The grizzly bears that reside in the American Rocky Mountains are not as large as Canadian or Alaskan sub-species. This is due, in part, to the richness of their diet which in Yellowstone consists of whitebark pine pine nuts, roots, tubers, grasses, various rodents, army cutworm moths and scavenged carcasses, none of which match the fat content of the salmon available in Alaska and British Columbia. During early spring, as the bears emerge from their dens, elk and bison calves are actively sought. The bear moves in a zig-zag pattern, nose to the ground, hoping to find unsuspecting animals to feed on.
In preparation for winter, bears gain hundreds of kilograms of fat, during a period of hyperphagia, before going into a state of false hibernation. The bear often waits for a substantial snowstorm before it enters its den, such behaviour lessening the chances that predators will be able to locate the den. The dens themselves are typically located at elevations above 6,000 feet on northern-facing slopes. There is some debate amongst professionals as to whether grizzly bears technically hibernate. Much of the debate revolves around body temperature and the ability of the bears to move around during hibernation on occasion. Grizzly bears have the ability to "partially" recycle their body wastes during this period. In some areas where food is plentiful year round, grizzly bears skip hibernation altogether.
Range:
The current range of the grizzly bear extends from Alaska, south through much of western Canada, and into portions of the northwestern United States including Idaho, Montana, Washington and Wyoming, extending as far south as Yellowstone and Grand Teton National Parks, but is most commonly found in Canada. There may still be a small population in Colorado in the southern San Juan Mountains. In September 2007 a hunter produced evidence of grizzly rehabilitation in the Selway-Bitterroot ecosystem by killing a male grizzly. Its original range also included much of the Great Plains and the southwestern states, but it has been extirpated in most of those areas. The grizzly currently enjoys legal protection in the United States, Canada, Mexico, and European countries. However, it is expected that its re-population of its former range will be a slow process, due equally to the ramifications of reintroducing such a large animal to areas which are prized for agriculture and livestock and also to the bear's slow reproductive habits (bears invest a good deal of time in raising young). There are currently about 60,000 wild grizzly bears located throughout North America. These bears weigh from 100 to 1200 pounds.
Social Structure - Mating
When it’s springtime in the Rockies, grizzly bears begin their mating rituals. The whole mating process starts in mid-May to mid-June. From afar, scientists have watched grizzly bear courtship and copulation in the wild. They believe that in springtime, females leave scent trails for wandering males to follow. Such trails may be the key to finding a female bear in areas where grizzly populations are at very low densities. Such is the case in the Central Rockies Ecosystem where there is only 1 bear for every 50 to 100 sq. km. When a male finds a female, the process of getting to know one another begins. At any other time of the year, grizzly bears are solitary creatures that will avoid close encounters with other bears, especially large adult males. During mating season, however, solitary bears let down their guard a little although not for long.

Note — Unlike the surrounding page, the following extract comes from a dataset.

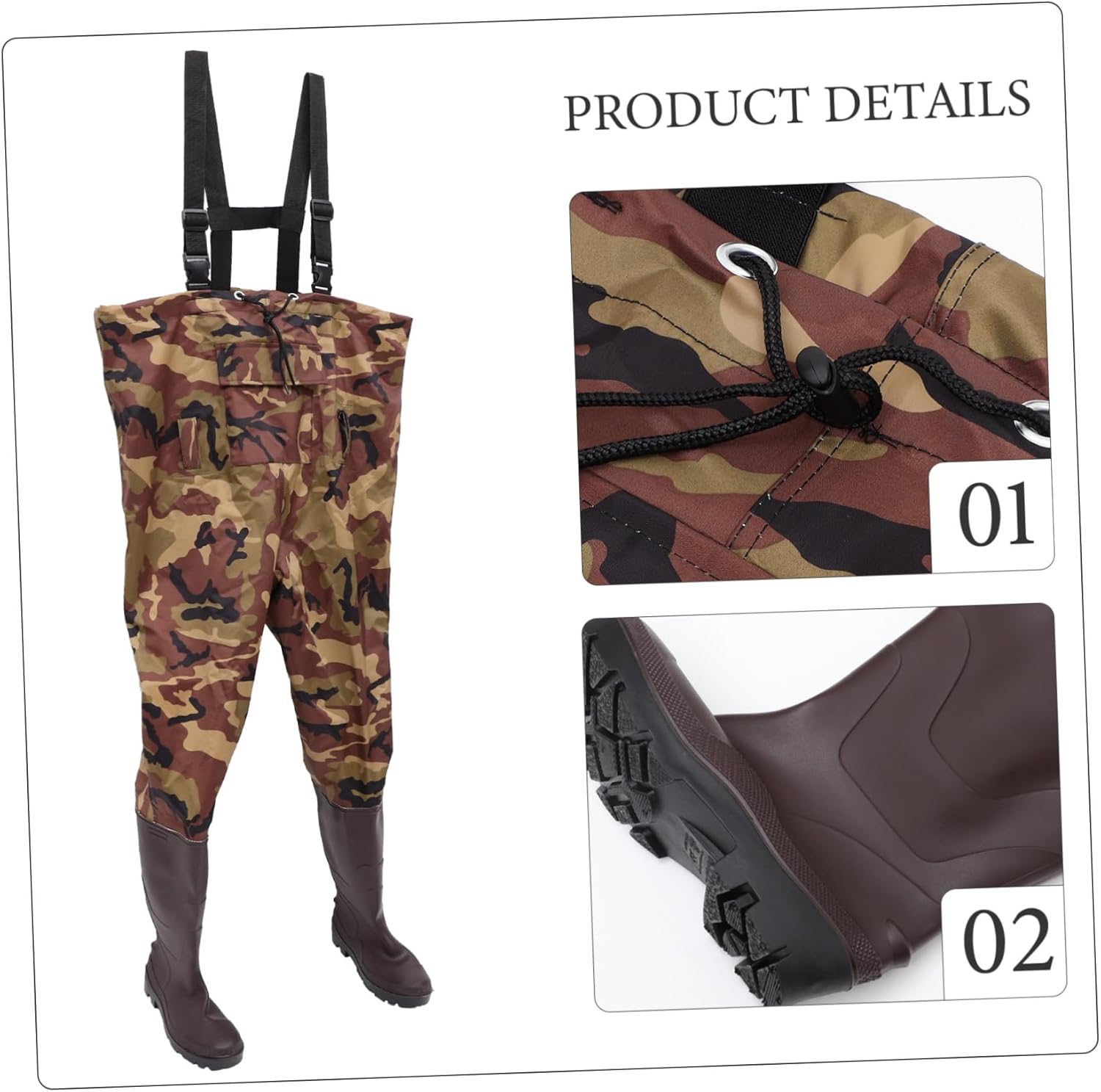 Package Include 1 x set of fishing trousers Characteristics -Material: nylon Nylon Pants -Color:Multi Fishing Suits -Size: 128.00X62.00X0.30cm/50.30X24.37X0.12in Fishing Pants Suits - It has a simple design, but very in use. It is provided you warmth and comfort as well as complete water protection Fishing Overalls Waders. - Made of material for long time and use. The adjustable suspenders and quick release buckle makes for different heights and working conditions Wader Pants with Shoe. - Due to the non-slip outsole, you wore secure grip. Special cloth design, , not easy to be torn Fishing Waders Pants. - It is lightweight for easy and convenient to carry and storage. It is suitable for heavy-duty work, such as fishing, mire, livestock farm, ploughing work, etc Fishing Wading Suits. - Easy to clean and comfortable to wear, bring much convenience to you Wader Pants.Goods InformationWaterproof Wader Suits Made of sturdy nylon with two layers of material, it can easily fit into any backpack.Watertightness Fishing Pants with waterproof boot attachment and adhesive tape joints to ensure waterproof reliability.Wader Suits You will hardly feel tired fighting with big fish! Wading pants with boot

Not surprisingly, male and female grizzly bears usually spend at least a few days testing one another before mating occurs. This type of interaction is important when getting to know an animal that is strong enough to injure or even kill you. The two bears may chase each other, play fight or even nuzzle and lick each other once they are aquainted. The outcome of this process may be rejection or the formation of a pair bond that lasts from several days to a couple of weeks.
In Banff and Waterton Lakes National Parks, researchers have observed an amazing mating ritual. Male grizzly bears have been seen “herding” females onto mountain tops. In doing so, a male is able to isolate a female so that her scent does not attract other bears. In Banff National Park, a male bear kept a female confined within a 2 to 3 hectare mating area for 13 days. On occasion, the female bear tried to escape but the persistent male cut her off and sent her back up the ridge.

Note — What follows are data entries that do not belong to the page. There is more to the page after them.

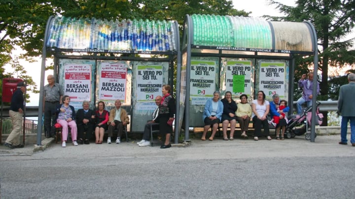 Köbberling has also found that discarded raw sheep wool acts as superb wall insulation and pollution filter, and has turned thousands of plastic bottles and cups discarded at the Berlin Marathon into material for bus shelter roofs.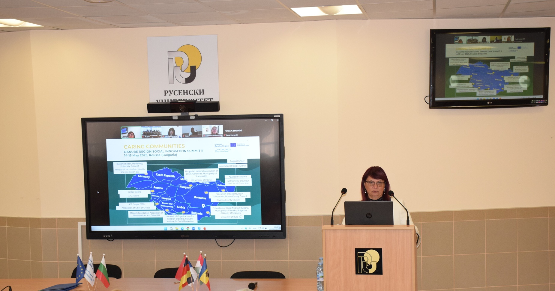The meeting was opened by the Rector of the University of Ruse, Assoc. Prof. Desislava Atanasova, PhD who welcomed the participants. Assoc. Prof. Atanasova, PhD emphasized that the third general meeting of the project partners, hosted by the University of Ruse, was dedicated to important theoretical and practical issues related to the construction of three demonstrators in the Danube River basin.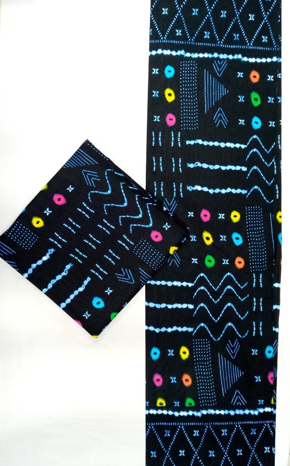 A deep black base decorated with sky-blue mudcloth markings and playful multicolour dots. Modern, artsy and perfect for expressive styling.

At first, a male’s approaches are rejected by the female with paw swats, charges or bites. Eventually, repeated copulation occurs over a few days. The adult male is 1.5-2.0 times larger than the female and mounts her from the rear. At first, copulation may last a few minutes but there may be several bouts that last up to one hour.

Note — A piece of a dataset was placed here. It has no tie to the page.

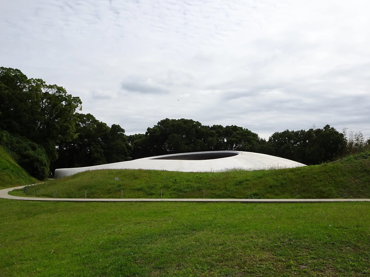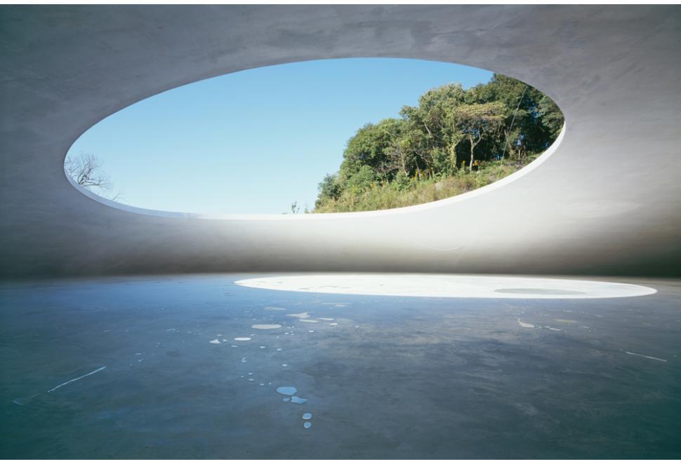 물방울을 닮은 듯, 이글루를 닮은 듯, 둥글둥글한 모습의 데시마 미술관. 주위의 야트막한 언덕과 잘 어울리는 듯 아닌 듯 아리송한 모습이다. 분명 형태상으론 이질감이 없는데 온통 푸릇푸릇한 언덕 가운데 흰 돌덩이가 덩그러니 놓여 있는 느낌이라 묘한 인상을 준다. 게다가 구멍이 뻥 뚫린 돌덩이라니, 납작한 도자기 같기도 하고 커다란 단추 같기도 하다.

Shortly after these prolonged copulations, the male and female separate. The female will likely become pregnant but this does not necessarily mean she will have cubs the following spring. Grizzly bears have developed a process called delayed implantation. At first, the embryo floats freely in the female bear’s uterus and its development is delayed. Sometime in the fall, the female’s body senses whether she will be able to store enough fat reserves to support herself and her cub over the winter. If she can, the embryo is implanted in the uterine wall and it begins to grow. If her energy stores are low, the embryo is reabsorbed by her body and she will not give birth to cubs the following spring.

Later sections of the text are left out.